Data to examine →
+++++

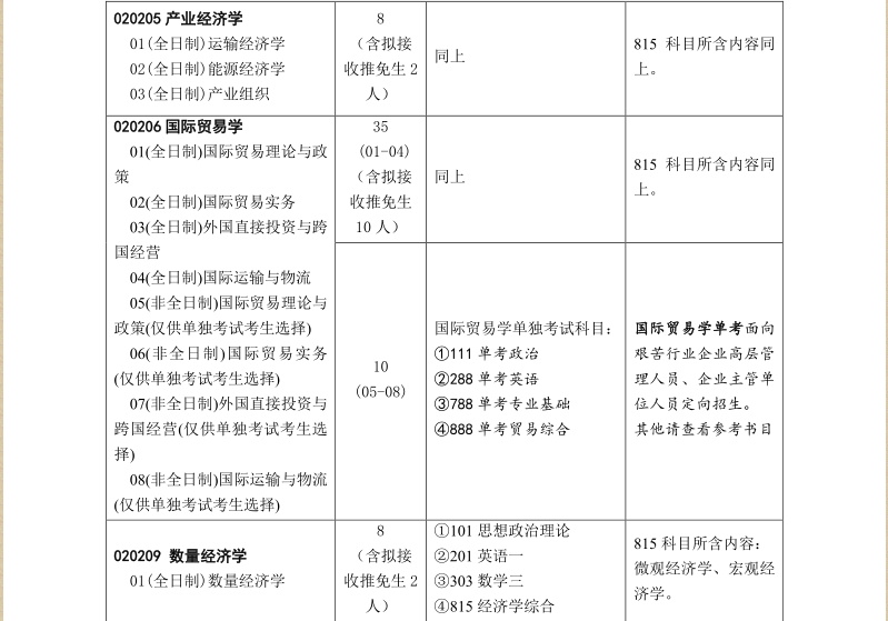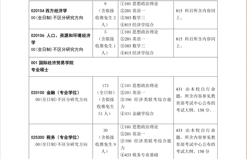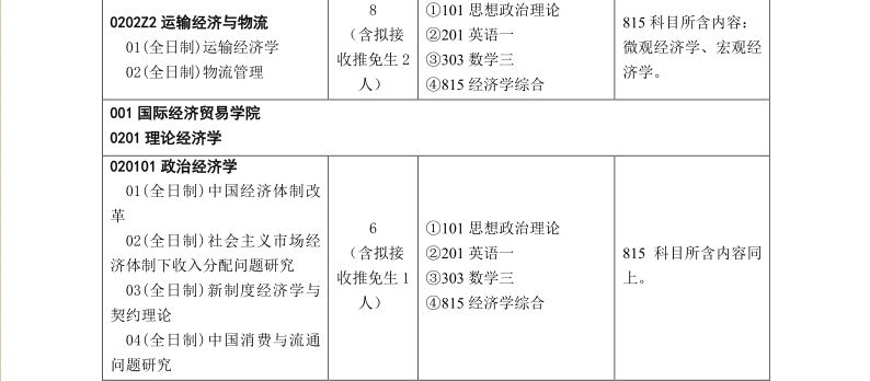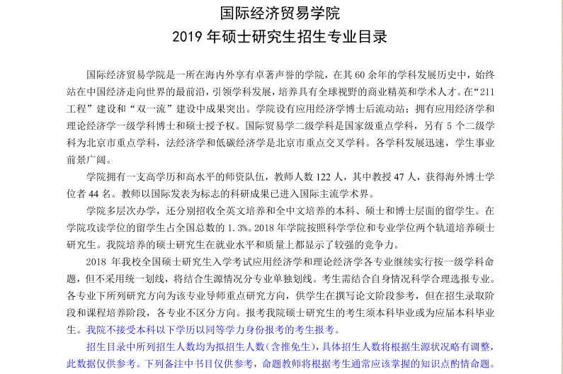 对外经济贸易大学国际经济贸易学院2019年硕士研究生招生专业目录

+++++

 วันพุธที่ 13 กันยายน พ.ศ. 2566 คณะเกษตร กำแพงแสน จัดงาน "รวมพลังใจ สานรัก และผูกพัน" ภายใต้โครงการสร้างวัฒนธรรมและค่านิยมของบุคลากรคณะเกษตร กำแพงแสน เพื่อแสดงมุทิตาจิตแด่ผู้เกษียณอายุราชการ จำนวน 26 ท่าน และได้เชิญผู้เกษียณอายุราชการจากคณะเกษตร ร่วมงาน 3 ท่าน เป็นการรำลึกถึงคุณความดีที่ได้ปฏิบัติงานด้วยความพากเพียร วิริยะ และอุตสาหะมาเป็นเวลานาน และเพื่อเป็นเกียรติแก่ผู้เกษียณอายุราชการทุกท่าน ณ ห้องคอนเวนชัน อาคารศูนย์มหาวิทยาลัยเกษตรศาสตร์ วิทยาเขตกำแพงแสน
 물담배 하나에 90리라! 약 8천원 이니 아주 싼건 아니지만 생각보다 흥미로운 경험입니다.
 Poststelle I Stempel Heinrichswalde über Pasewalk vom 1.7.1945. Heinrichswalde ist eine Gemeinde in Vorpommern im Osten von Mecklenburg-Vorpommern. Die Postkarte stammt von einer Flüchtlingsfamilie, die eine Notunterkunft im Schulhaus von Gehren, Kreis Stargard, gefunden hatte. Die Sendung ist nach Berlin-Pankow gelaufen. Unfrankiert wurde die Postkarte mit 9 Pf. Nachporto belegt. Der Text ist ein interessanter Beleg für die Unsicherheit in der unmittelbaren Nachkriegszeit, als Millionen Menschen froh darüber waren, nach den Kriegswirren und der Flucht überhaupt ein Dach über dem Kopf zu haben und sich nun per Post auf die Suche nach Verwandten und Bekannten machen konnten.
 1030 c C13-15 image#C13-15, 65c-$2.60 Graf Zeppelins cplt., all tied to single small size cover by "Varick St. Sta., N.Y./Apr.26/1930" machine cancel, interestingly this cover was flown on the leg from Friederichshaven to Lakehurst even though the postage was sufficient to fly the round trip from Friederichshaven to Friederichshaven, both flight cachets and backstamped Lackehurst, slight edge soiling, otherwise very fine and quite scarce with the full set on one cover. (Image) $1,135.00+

+++++

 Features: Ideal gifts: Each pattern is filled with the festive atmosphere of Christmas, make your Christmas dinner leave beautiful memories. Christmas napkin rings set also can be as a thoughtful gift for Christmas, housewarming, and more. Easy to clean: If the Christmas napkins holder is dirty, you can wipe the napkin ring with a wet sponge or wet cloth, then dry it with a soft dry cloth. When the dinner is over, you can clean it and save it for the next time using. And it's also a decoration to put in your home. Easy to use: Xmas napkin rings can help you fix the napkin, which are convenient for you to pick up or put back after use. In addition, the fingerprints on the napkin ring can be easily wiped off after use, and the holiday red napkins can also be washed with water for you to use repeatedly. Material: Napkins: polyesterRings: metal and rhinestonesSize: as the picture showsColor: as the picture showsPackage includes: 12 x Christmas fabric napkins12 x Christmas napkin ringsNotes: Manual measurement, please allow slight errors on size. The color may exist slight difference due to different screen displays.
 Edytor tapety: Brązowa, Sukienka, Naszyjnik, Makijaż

+++++

Requirement → List the lines of the records where "slight" occurs.

Result →
 1030 c C13-15 image#C13-15, 65c-$2.60 Graf Zeppelins cplt., all tied to single small size cover by "Varick St. Sta., N.Y./Apr.26/1930" machine cancel, interestingly this cover was flown on the leg from Friederichshaven to Lakehurst even though the postage was sufficient to fly the round trip from Friederichshaven to Friederichshaven, both flight cachets and backstamped Lackehurst, slight edge soiling, otherwise very fine and quite scarce with the full set on one cover. (Image) $1,135.00+
 Features: Ideal gifts: Each pattern is filled with the festive atmosphere of Christmas, make your Christmas dinner leave beautiful memories. Christmas napkin rings set also can be as a thoughtful gift for Christmas, housewarming, and more. Easy to clean: If the Christmas napkins holder is dirty, you can wipe the napkin ring with a wet sponge or wet cloth, then dry it with a soft dry cloth. When the dinner is over, you can clean it and save it for the next time using. And it's also a decoration to put in your home. Easy to use: Xmas napkin rings can help you fix the napkin, which are convenient for you to pick up or put back after use. In addition, the fingerprints on the napkin ring can be easily wiped off after use, and the holiday red napkins can also be washed with water for you to use repeatedly. Material: Napkins: polyesterRings: metal and rhinestonesSize: as the picture showsColor: as the picture showsPackage includes: 12 x Christmas fabric napkins12 x Christmas napkin ringsNotes: Manual measurement, please allow slight errors on size. The color may exist slight difference due to different screen displays.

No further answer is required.